*YOUR INSTRUCTIONS*: Copy the data precisely, character for character, and leave out every picture.

-------- SUPPLIED DATA --------

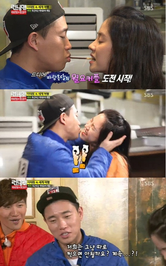이에 개리는 "한 방에 하자 지효야"라며 덤덤하게 임했지만 "막상 하려니까 이상하다"며 부끄러운 표정을 지어보였다.
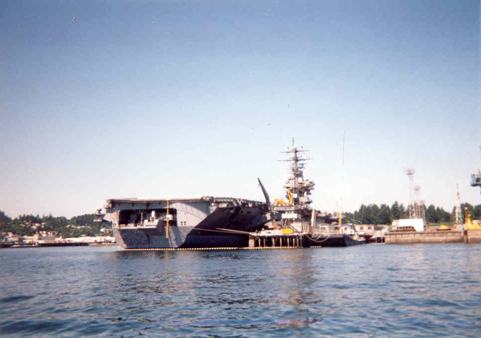 45k | USS Nimitz (CVN-68) entered drydock at Puget Sound Naval Shipyard (PSNS) on January 29, 1994. Ex-submarine tender Proteus (IX 518, ex-AS 19) became her berthing, messing and office barge. As Nimitz was the first ship to use Proteus in this fashion, the latter required extensive conversion work to make her habitable. Following the flooding of the dock, August 20–21, 1994 Nimitz moored to Pier B at PSNS, as shown here. |
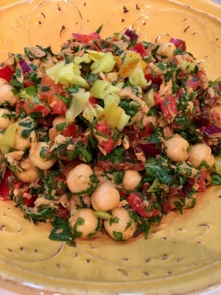 Salade garbanzo et thon à la coriandre, persil et poivron rouge
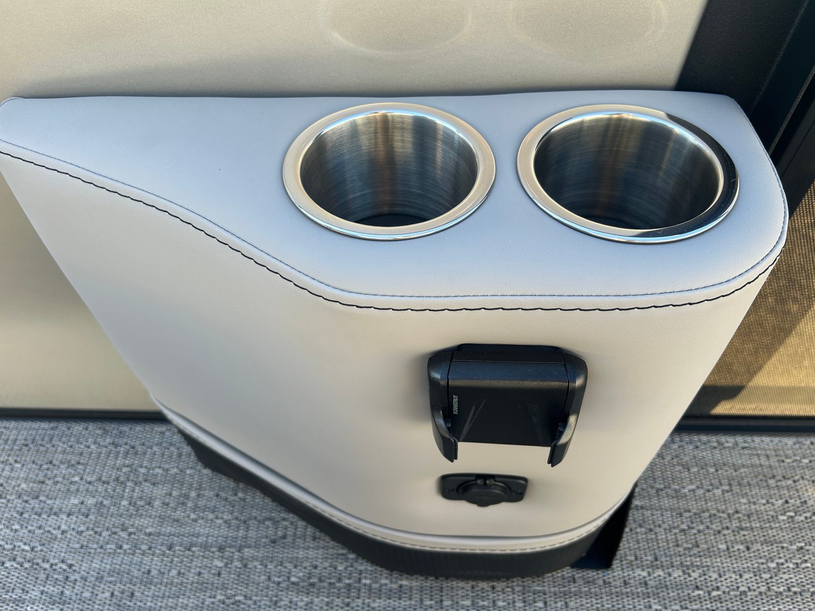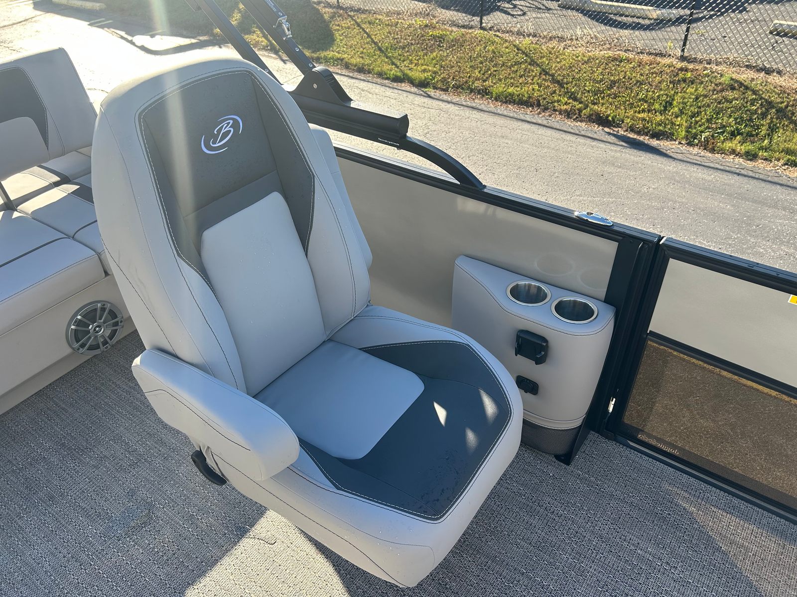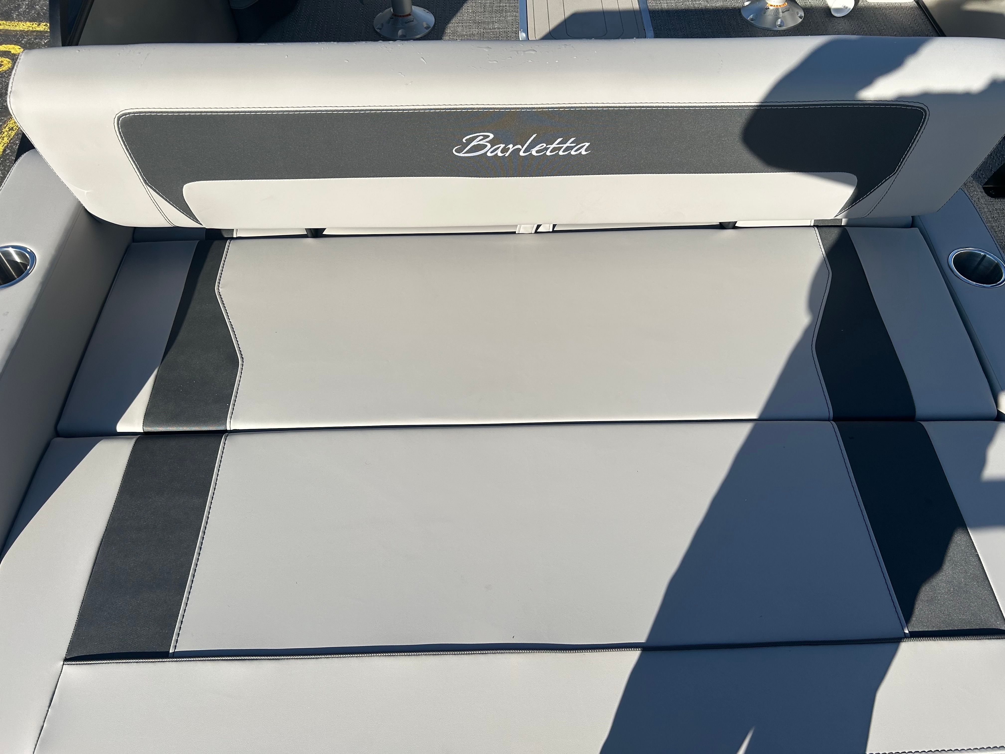 The 2026 Barletta Aria A22UC is loaded with features that enhance both comfort and functionality. The Railskin Color Aria in Champagne, paired with the Black Diamond accent and Blackout Package Aria, gives the boat a bold and sophisticated look. Inside, the Tempest Gray furniture provides plush, supportive seating for all your guests, while the Amore Gray flooring offers a stylish and slip-resistant surface that is easy to maintain. The Triple Toon Package Aria adds an extra pontoon for improved buoyancy and performance, making this boat as capable as it is beautiful. One of the standout features is the in-floor midship storage, providing ample space to stow away gear, water toys, and personal items, keeping the deck clutter-free and organized.

--------

*SOLUTION TO THIS PROBLEM*:
이에 개리는 "한 방에 하자 지효야"라며 덤덤하게 임했지만 "막상 하려니까 이상하다"며 부끄러운 표정을 지어보였다.
 45k | USS Nimitz (CVN-68) entered drydock at Puget Sound Naval Shipyard (PSNS) on January 29, 1994. Ex-submarine tender Proteus (IX 518, ex-AS 19) became her berthing, messing and office barge. As Nimitz was the first ship to use Proteus in this fashion, the latter required extensive conversion work to make her habitable. Following the flooding of the dock, August 20–21, 1994 Nimitz moored to Pier B at PSNS, as shown here. |
 Salade garbanzo et thon à la coriandre, persil et poivron rouge
 The 2026 Barletta Aria A22UC is loaded with features that enhance both comfort and functionality. The Railskin Color Aria in Champagne, paired with the Black Diamond accent and Blackout Package Aria, gives the boat a bold and sophisticated look. Inside, the Tempest Gray furniture provides plush, supportive seating for all your guests, while the Amore Gray flooring offers a stylish and slip-resistant surface that is easy to maintain. The Triple Toon Package Aria adds an extra pontoon for improved buoyancy and performance, making this boat as capable as it is beautiful. One of the standout features is the in-floor midship storage, providing ample space to stow away gear, water toys, and personal items, keeping the deck clutter-free and organized.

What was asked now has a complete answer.